Un travail modernisé
Même si le métier reste difficile, les technologies ont réduit la pénibilité de certaines tâches. Ballots de foin et de paille, sacs, citernes sont levés et tractés par des engins motorisés. Les rations alimentaires sont distribuées automatiquement grâce à un programme informatique spécial. Le travail de gestion bénéficie également de l'informatisation.

Compétences

Santé et savoirs
Une santé de fer et l'amour de la nature ne suffisent pas pour devenir éleveur. Des connaissances variées (techniques d'élevage, agronomie, agriculture, biologie, anatomie animale, gestion, comptabilité, informatique...) sont désormais indispensables.
Connaissance des animaux
L'éleveur vit au rythme des animaux dont il prend soin. Patience, robustesse et sens de l'observation : pour bien élever un animal, il faut aussi apprendre à le connaître. Malade, nerveux ou prêt à se reproduire... Tous les comportements doivent être compris pour intervenir rapidement en cas d'urgence.
Ouverture d'esprit
La situation économique d'un éleveur l'oblige parfois à s'intéresser à la transformation des produits, à connaître les procédés de fabrication et de conditionnement, les réseaux de distribution et les techniques de vente. Curiosité et suivi de l'actualité (para)agricole sont alors nécessaires.

Nature du travail

Une spécialisation au choix
Élever ? C'est alimenter les bêtes, veiller à leur développement, à la reproduction. C'est prodiguer des soins (nettoyage, vaccination, médication) et entretenir les locaux et les pâturages. L'éleveur naisseur fait naître des animaux pour les vendre aussitôt à d'autres éleveurs. L'éleveur engraisseur les accueille dans son élevage pour les faire grossir. Un autre vend ce qu'ils produisent (oeufs, lait, miel...) ou les transforme (fromages, viandes, plats cuisinés...).
Différents modes d'élevage
En «hors sol» ou en «batterie», les animaux sont élevés dans des bâtiments. Ils sont nourris par des systèmes automatisés. Certains animaux bénéficient d'une semi-liberté, à l'intérieur ou à l'extérieur. D'autres modes d'élevage peuvent aller jusqu'au label officiel : en plein air, nourris aux grains, biologique...
Une diversification possible
Un éleveur peut produire ou diversifier ses propres cultures pour nourrir ses bêtes. Il peut aller jusqu'au stade de la transformation et de la vente des produits (viande, produits cuisinés, laitiers...). D'autres s'orientent vers le tourisme rural (accueil à la ferme, ferme-auberge, gîte...).
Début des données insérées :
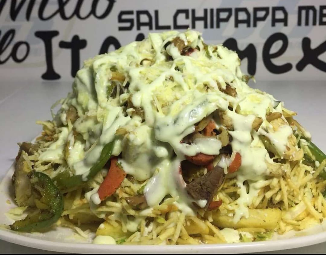 Papas a la francesa, salchicha Suiza, salchicha manguera, queso gratinado, papas chongo, lechuga, salsa de la casa.
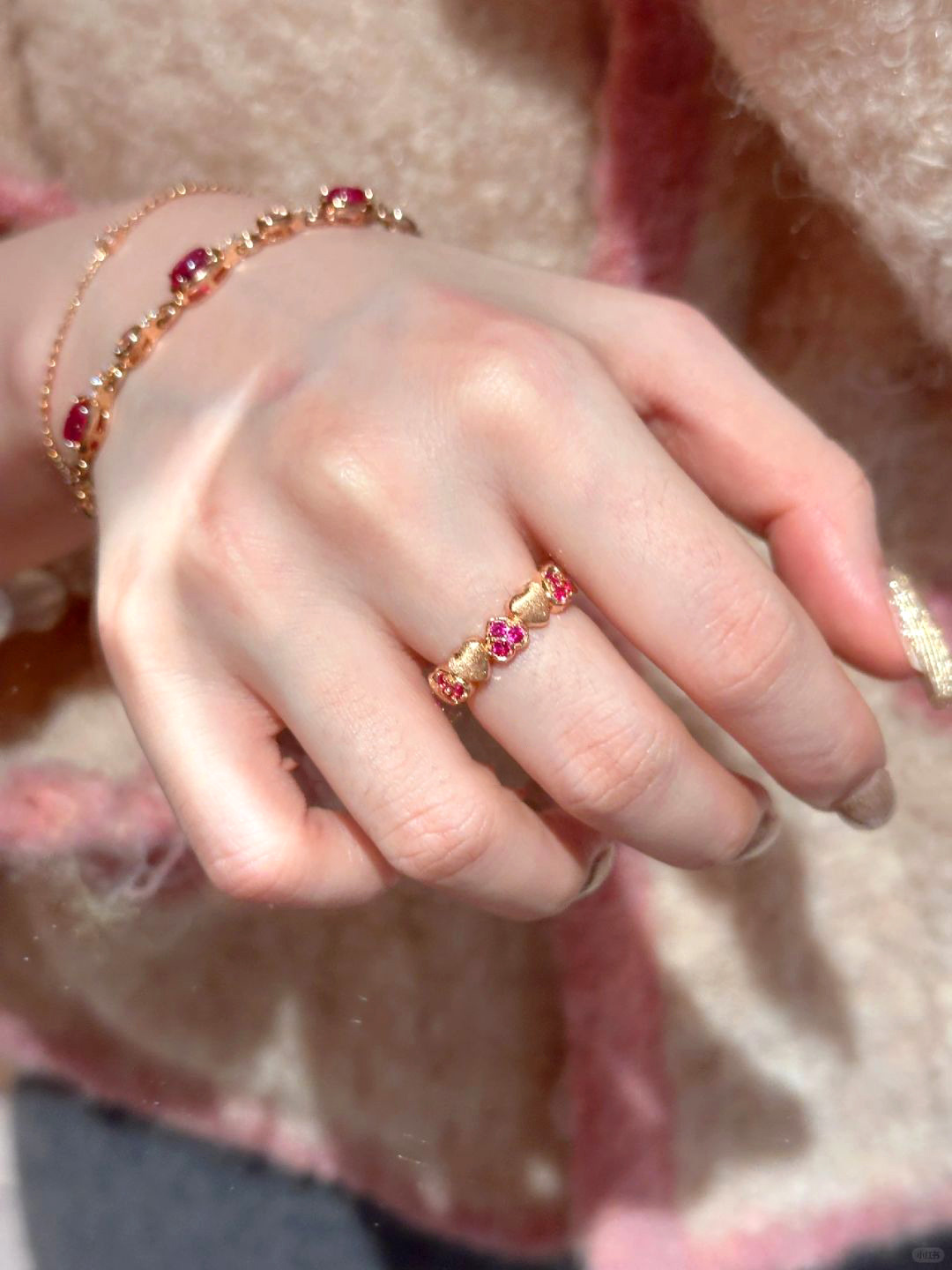 小红书爆款春日爱心戒指女糖果甜心复古拉丝桃心爆闪红刚玉指环

Formation pour accéder au métier

Les formations, pour travailler dans un élevage, s'étendent du CAP à bac + 2. Ceux qui veulent devenir employé dans un élevage, doivent être titulaires d'un CAPA (en 2 ans après la 3e ) du secteur souhaité. Par exemple, CAPA Production agricole, utilisation des matériels spécialité productions animales. Ces diplômes peuvent être complétés par un CS (certificat de spécialisation) agricole en élevage avicole, caprin, ovin... Ces formations se font le plus souvent par apprentissage ou en cours d'emploi. En revanche, pour s'installer et bénéficier des aides, il faut posséder au moins un diplôme de niveau bac. Par exemple, bac pro Conduite et gestion de l'exploitation agricole option productions animales  ; BP Responsable d'exploitation agricole (élevage et cultures fourragères ou élevage hors sol et spécialisé) ; BTA production ; BTSA Productions animales... À noter : les écoles d'ingénieurs en agriculture ou agronomie proposent aussi des options en productions animales. Les diplômés s'orientent alors davantage vers la recherche (fondamentale ou appliquée) ou travaillent au sein d'industries agroalimentaires.